Uribe não é um pato manco

Marcos Guterman

29 Julho 2010 | 20h34

O presidente da Colômbia, Alvaro Uribe, deixará o poder no próximo dia 7 com uma impressionante popularidade – mais de 70%. Logo, não é prudente considerá-lo um “pato manco”, como está fazendo o governo brasileiro.

“Pato manco” é uma expressão que qualifica presidentes em fim de mandato, que já têm sucessor definido e que, portanto, não têm mais influência política significativa. O caso de Uribe é claramente diferente, e não só por causa de sua aprovação popular, mas por ter conseguido fazer seu sucessor de modo acachapante. Os colombianos prezam muito o esforço uribista de destruir as Farc.

O próximo presidente, Juan Manuel Santos, sabe muito bem disso e, embora tenha acenado com uma aproximação com a Venezuela, ele não deverá fazer nenhum recuo na política de repressão à narcoguerrilha marxista e de denúncia daqueles que lhes dão guarida – casos de Venezuela e Equador.

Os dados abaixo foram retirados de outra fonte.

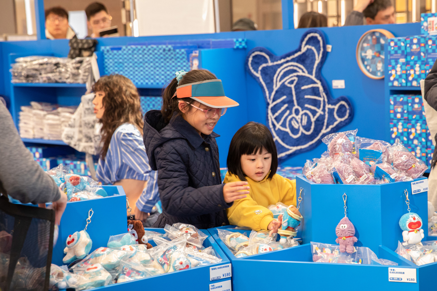 值得一提的是,本次特展还设有限定周边快闪店,特别推出独家主题纪念品,比如自带香气的“铜锣烧”造型毛绒钥匙圈、“紫薯”哆啦A梦造型周边,以及“狸猫造型”毛绒玩具钥匙圈等,为消费者提供多样化的购买选择,近50种授权周边大大满足粉丝的收藏欲。记者来到现场时,提前预约的消费者已排起长龙,大包小包地购买周边商品,掀起情绪消费、治愈经济的又一热潮。
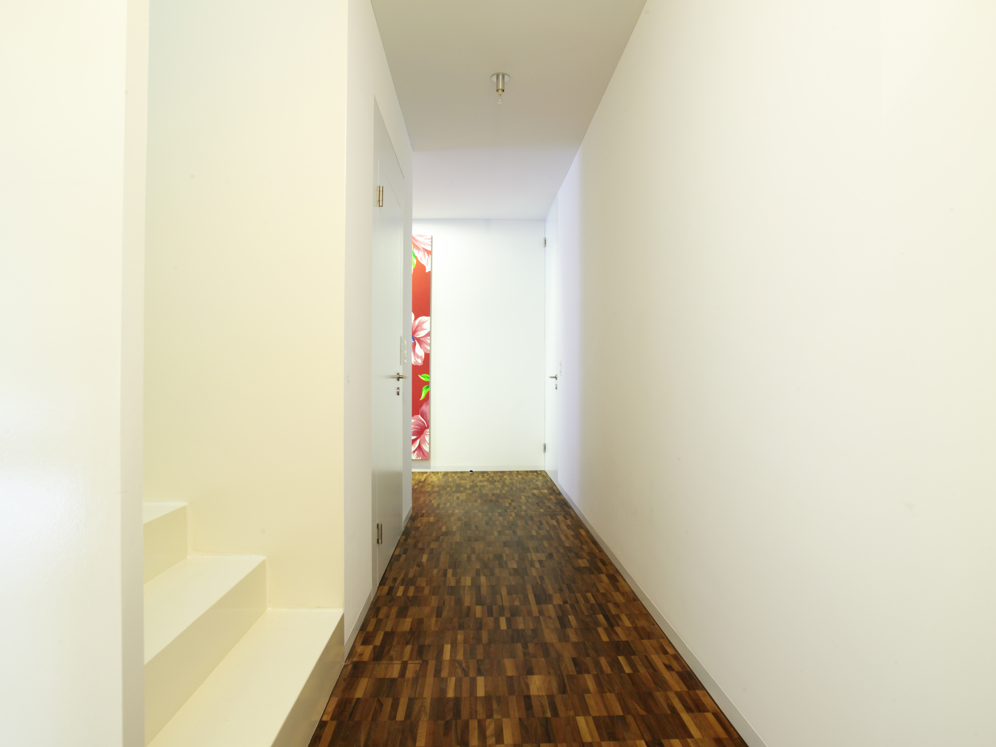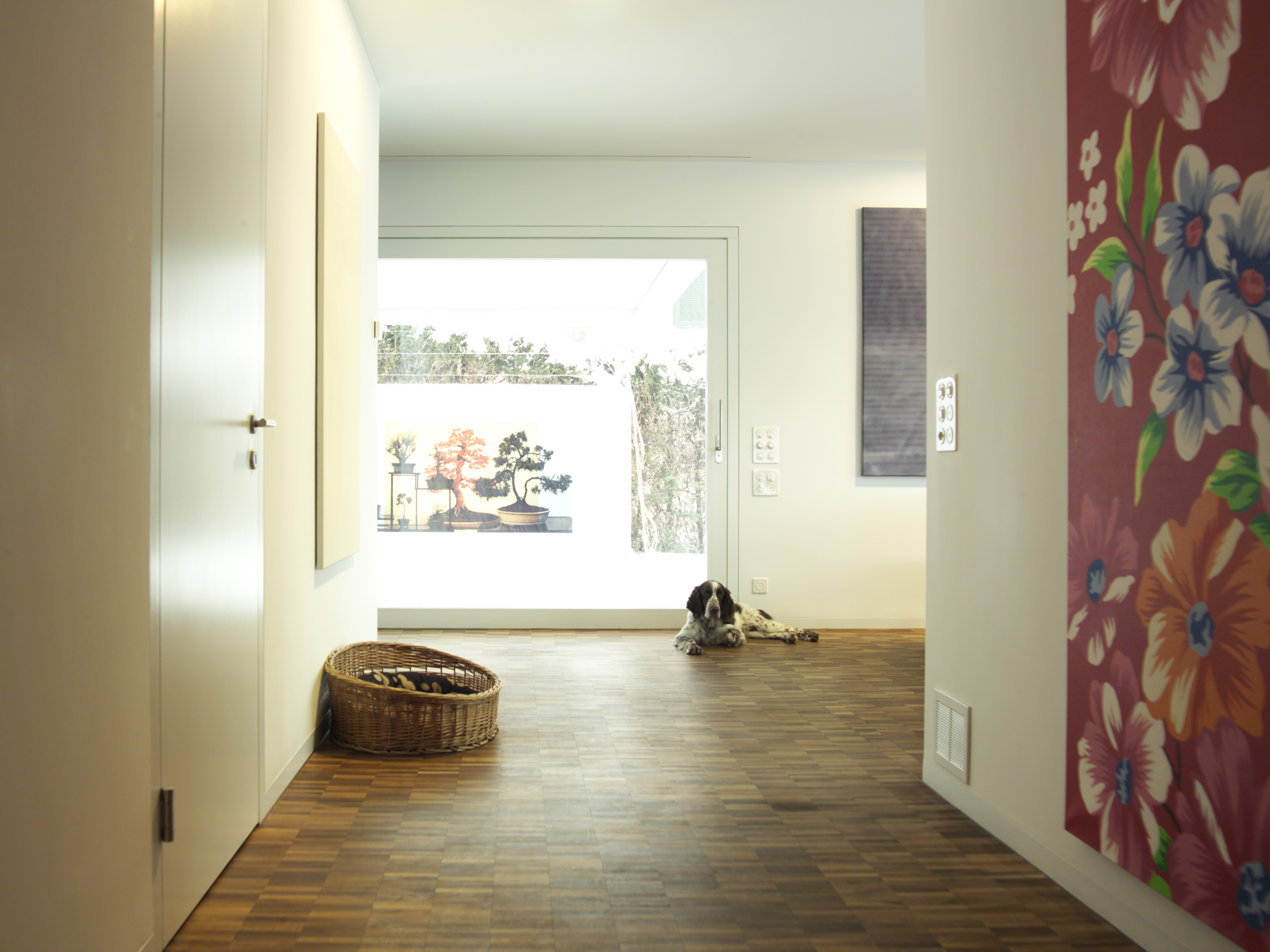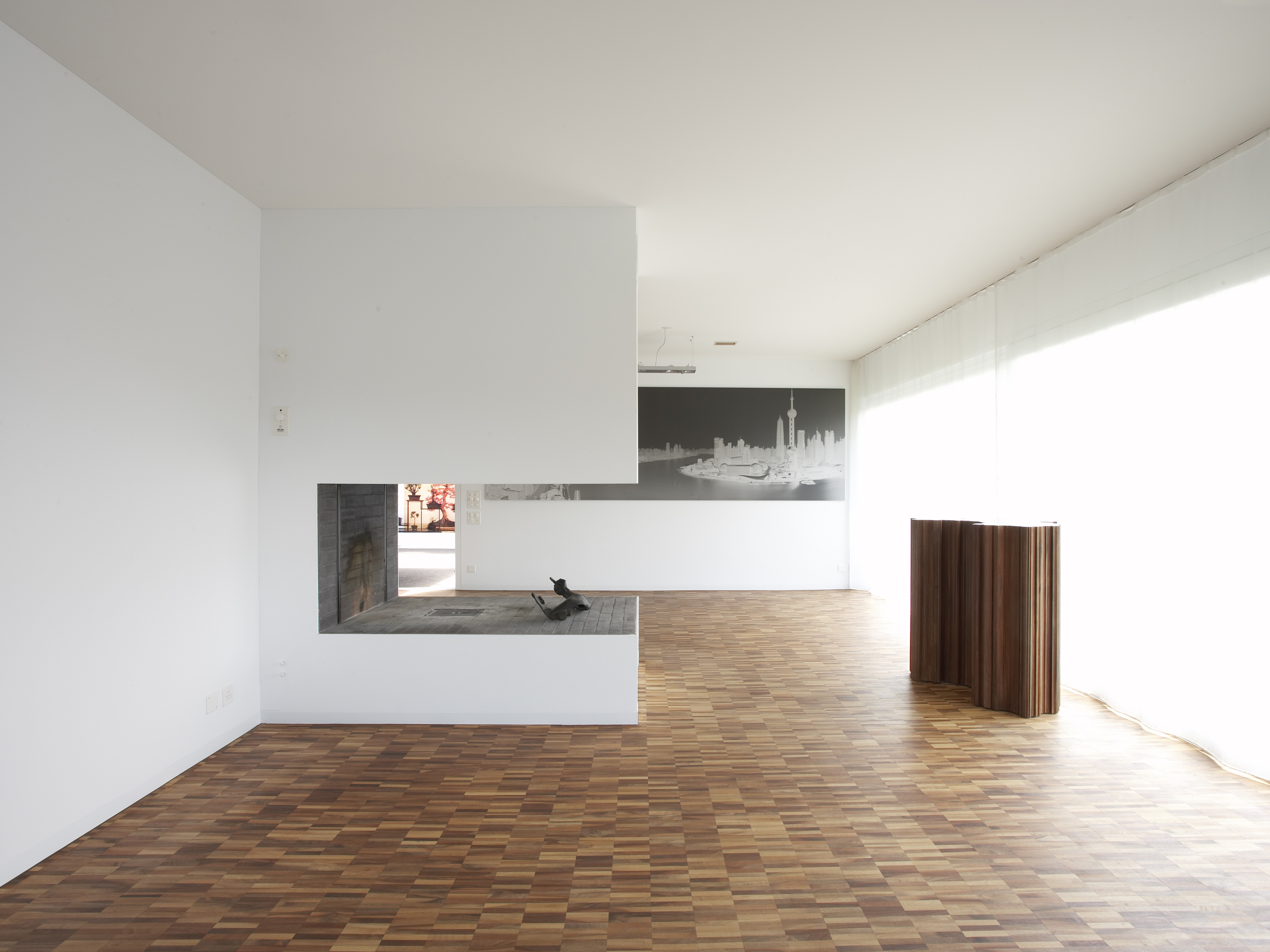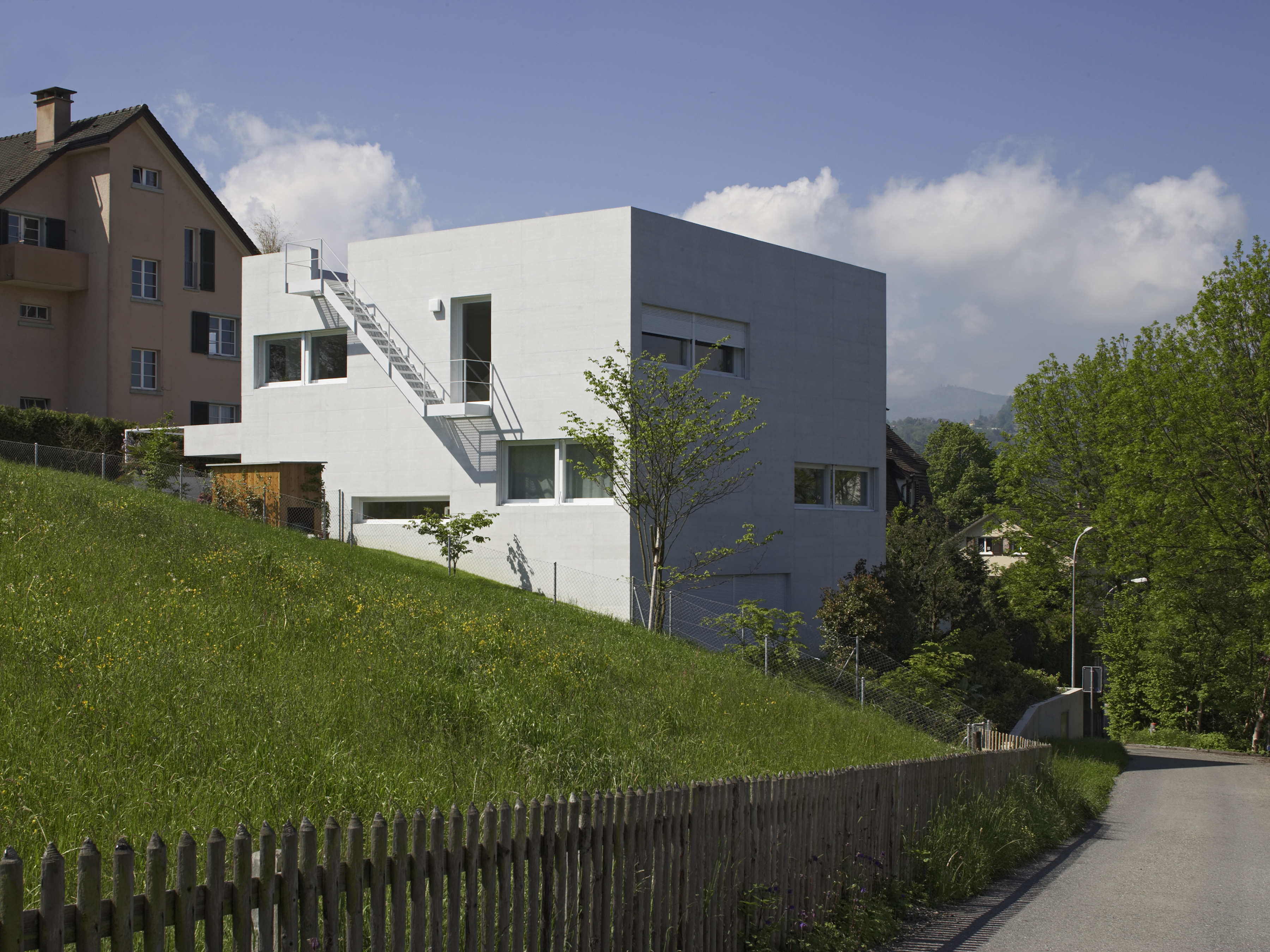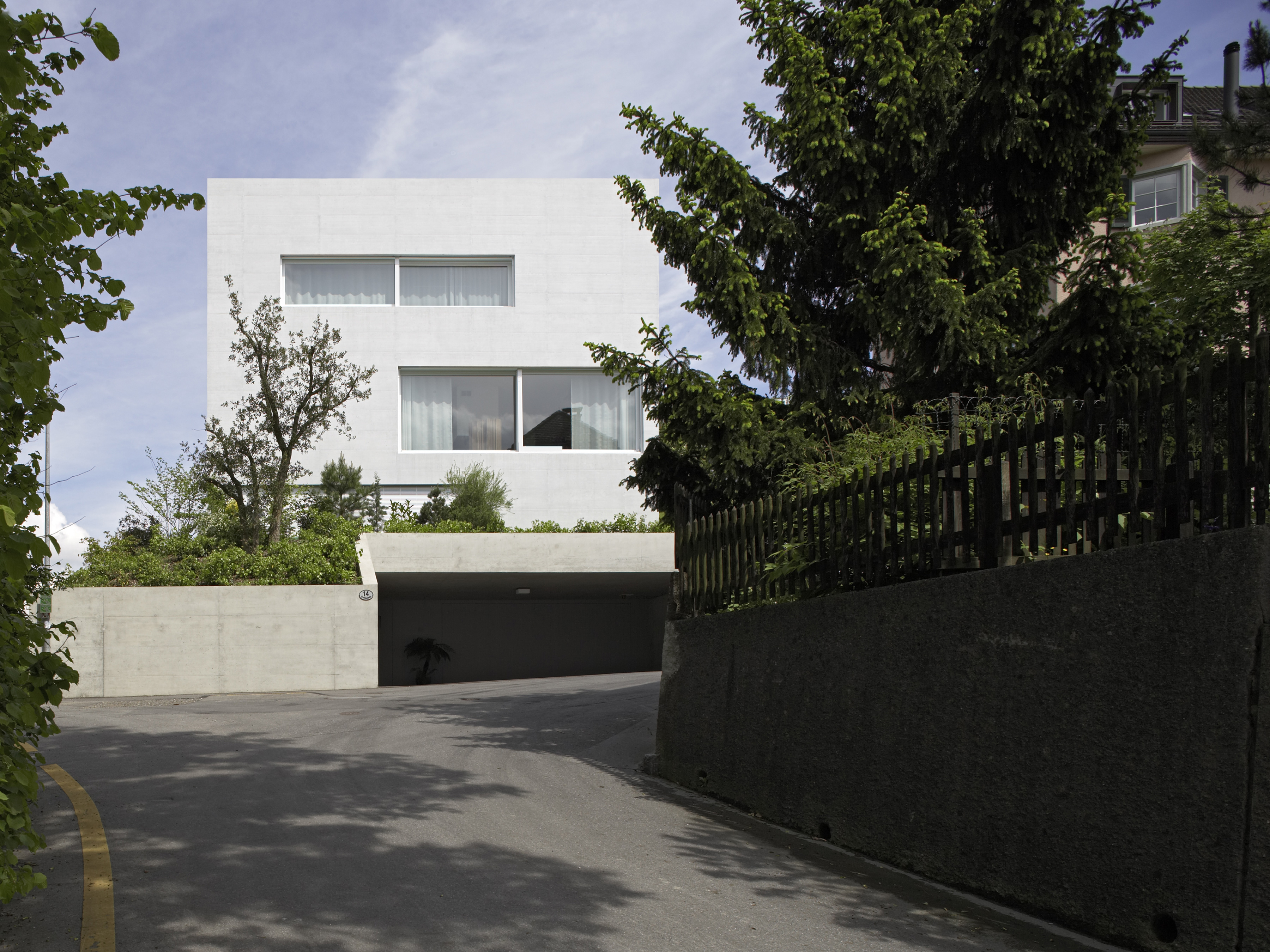 Der kompakte Solitär nimmt das Bebauungsmuster der Bramberghöhe auf und präsentiert sich stolz als Zeilenabschluss zwischen der Zufahrtstrasse Bramberghöhe und der direkt angrenzenden Grünkuppe Allenwinden. Mit grosser Selbstverständlichkeit fügt sich der würfelartige Baukörper in das geneigte Terrain ein. Die über dem Parkgeschoss konzipierte Einliegerwohnung orientiert sich hangseitig, während die Hauptwohnung in den oberen zwei Geschossen von der allseitig guten Aussicht profitiert. Die Organisation der quadratischen Grundfläche basiert auf einem klassischen Villengrundriss. Die allseitig orientierten Räume werden über einen zentralen Vorraum erschlossen und sind windmühlenartig angeordnet. Diese klare Grundrisskonzeption kann auf die geschossspezifischen Eigenschaften und Problematiken mühelos reagieren und manifestiert sich auch in der Fensteranordnung. Der Anspruch, Räume für Kunst zu schaffen, und eine pragmatische Benutzerfreundlichkeit verschmelzen zu repräsentativer Wohnkultur

Portanto, Lula está cometendo um equívoco quando sugere que o confronto entre Colômbia e Venezuela é meramente pessoal, isto é, entre Uribe e Chávez. Não: a questão é entre a maioria absoluta dos colombianos, cansados da violência das Farc, e o líder do movimento “bolivariano”, que dá apoio aos narcoguerrilheiros.

Ao esperar que a Colômbia seja mais flexível com a Venezuela na questão das Farc após a posse do sucessor de Uribe, Lula faz uma aposta que não tem amparo na realidade. A mediação da crise passa necessariamente pelo reconhecimento de que a Colômbia jamais abrirá mão de seu projeto soberano de combater os movimentos que desejam a destruição do Estado.